Come facciamo? Facciamo fatica! - Roberta Vincini - Agesci


Grazie per l’invito e per avere pensato questo momento. Ci si incontra e ci si scopre anche con passati e presenti comuni. Ci stavo pensando un attimo fa, ciascuno ha le sue appartenenze multiple. Anche io: sono genitore, sono stata volontaria all’Avis, sono stata insegnante, sono preside, sono caposcout… a tenere insieme tutti i pezzi, lo impari in casa, in famiglia.  

Io sono preside, è il quarto anno che sono preside, ho avuto la fortuna di essere diventata preside l’anno del covid. Prima ho fatto per 4 anni la maestra, per 9 anni la professoressa alle medie, poi in un istituto professionale, oltre a essere un capo scout da quando avevo 20anni. Ho incrociato tante persone, tanti ragazzi, tanti genitori, alcuni me li sono ritrovata in più momenti e in più ruoli… 
 
E’ Interessante il punto di vista che state ponendo oggi. Il mettersi “in ascolto delle famiglie”. Come sono le famiglie che incontriamo? 

Le famiglie che incontriamo sono le più diverse. Famiglie con due genitori, famiglie allargate, famiglie monogenitoriali, famiglie che si sono separate e ricomposte in nuove forme, famiglie che non vivono con i figli, che stanno in comunità e genitori e figli si incontrano solo in momenti protetti, famiglie di single… Tutte queste sono famiglie. Sono famiglie? Le consideriamo tali? Sono domande che dobbiamo porci. Io sono sposata da 31 anni, mio marito sostiene che il matrimonio con me è per lui una grande via di redenzione (ed io penso altrettanto) ma oggi se vogliamo metterci in ascolto delle famiglie non possiamo non porci questa domanda: gli occhiali che usiamo ci consentono di vedere e di leggere tutte le tipologie di famiglie? Tutte hanno qualcosa in comune, ciascuna ha una sua specificità che va incontrata, siamo in grado di farlo? 

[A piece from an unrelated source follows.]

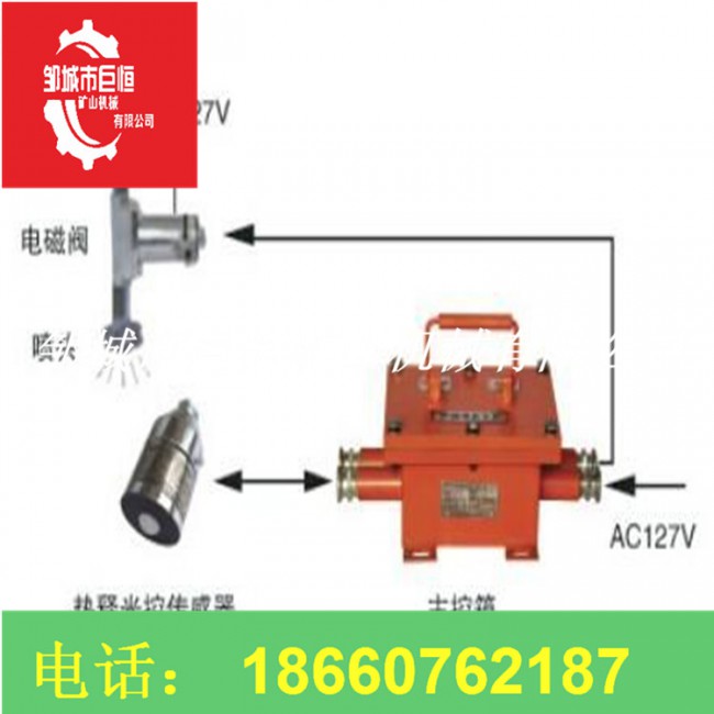 裝置有ZP127-Z礦用自動(dòng)灑水降塵裝置主控器、煙霧傳感器、振動(dòng)+聲控(可選)、電動(dòng)閥、試驗(yàn)開(kāi)關(guān)、快速連接構(gòu)成、防塵水幕等組成。

Tutte hanno in comune il fatto di avere figli. Ma questo dipende dal mio osservatorio. Come capo scout, come preside, io incontro le famiglie perché incontro i ragazzi. Non tutte le famiglie hanno figli, ma tutte le famiglie che io incontro hanno figli. Il punto da cui osservo connota ciò che vedo. 

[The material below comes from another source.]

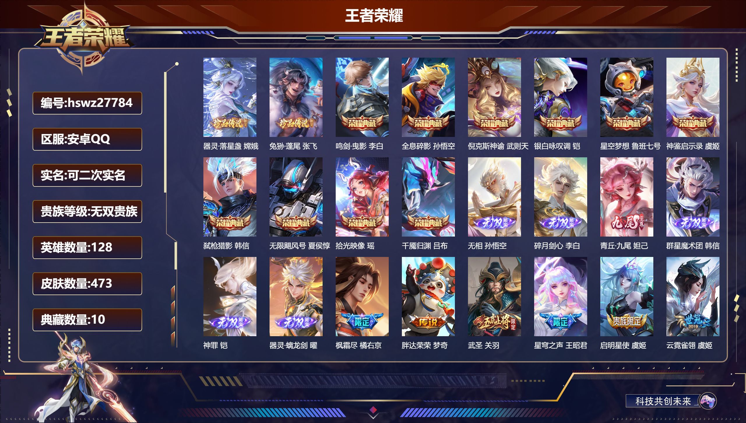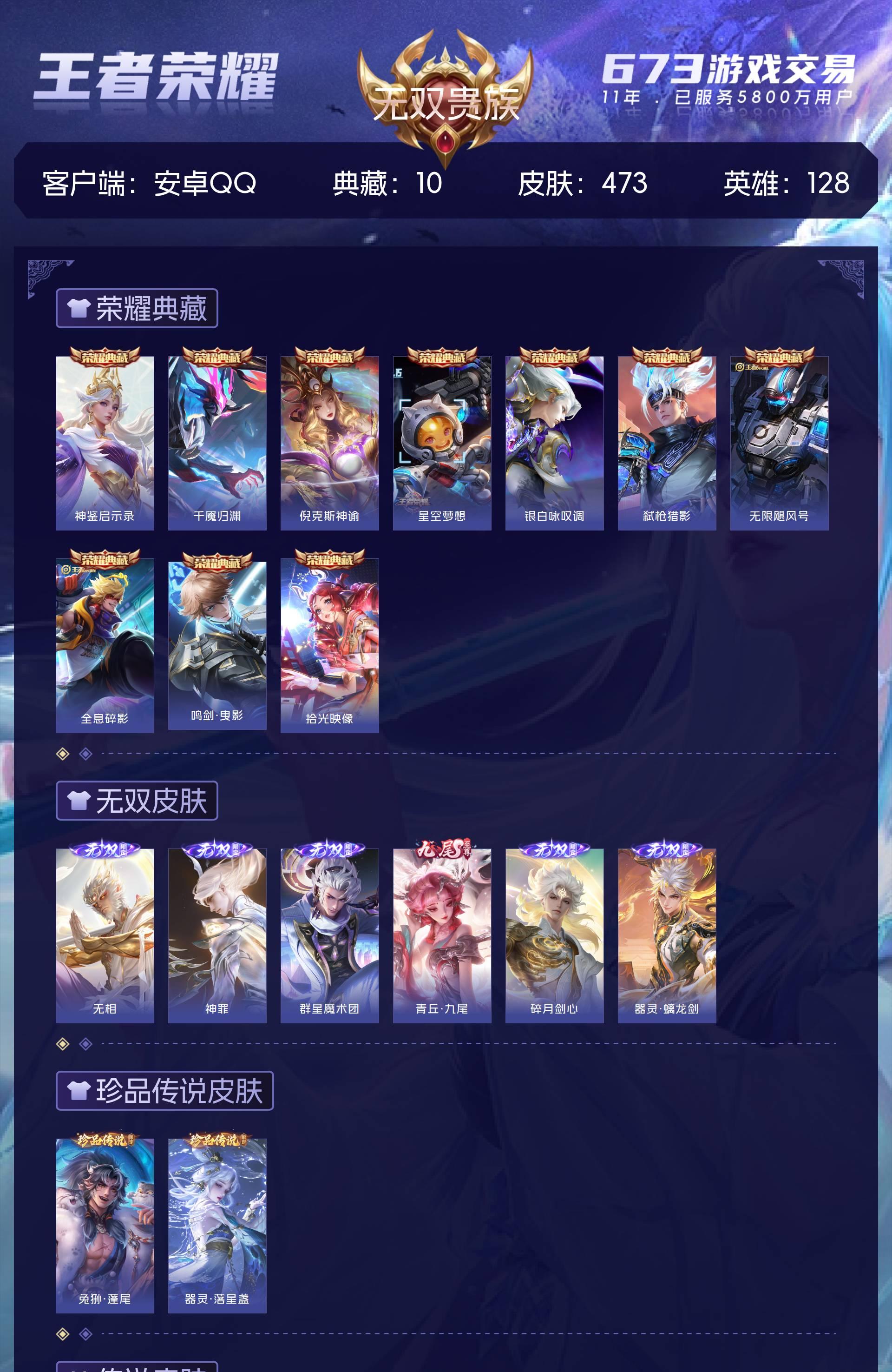 安卓QQ/最强王者/473皮肤/128英雄/10典藏/0珍品无双/6无双/2珍品传说/68传说/15

Un aspetto, esploso con la pandemia ma già iniziato a diffondersi prima, è che spesso anche nelle famiglie le relazioni vanno verso un processo di digitalizzazione e ibridazione. Tutti vivono l’onlife (on line e in presenza, assieme). L’esperienza dei social è un pezzo di vita anche familiare. Un genitore deve porsi il tema di come stare anche su quel pezzo, così come deve farlo un educatore, un insegnante, un dirigente scolastico. Io ho una chat con i ragazzi del consiglio di istituto. Se voglio collaborare con loro devo anche mettermi in uscita e devo stare anche nei loro tempi e nei luoghi che loro abitano. Ma non solo il dirigente scolastico. Anche le famiglie. Le famiglie si parlano tanto attraverso le chat. I genitori si scambiano le informazioni, si tengono aggiornati, si confrontano e alleano sulle decisioni da prendere. Genitori e figli si parlano (magari i genitori di più, i figli un po’ a monosillabi…) in chat. E’ quotidianità per tutti. La relazione, anche famigliare, oggi è ibridata tra presenza e digitale, per tutti. Non c’è luogo, anche degli affetti, che non abbia una parte anche digitale. 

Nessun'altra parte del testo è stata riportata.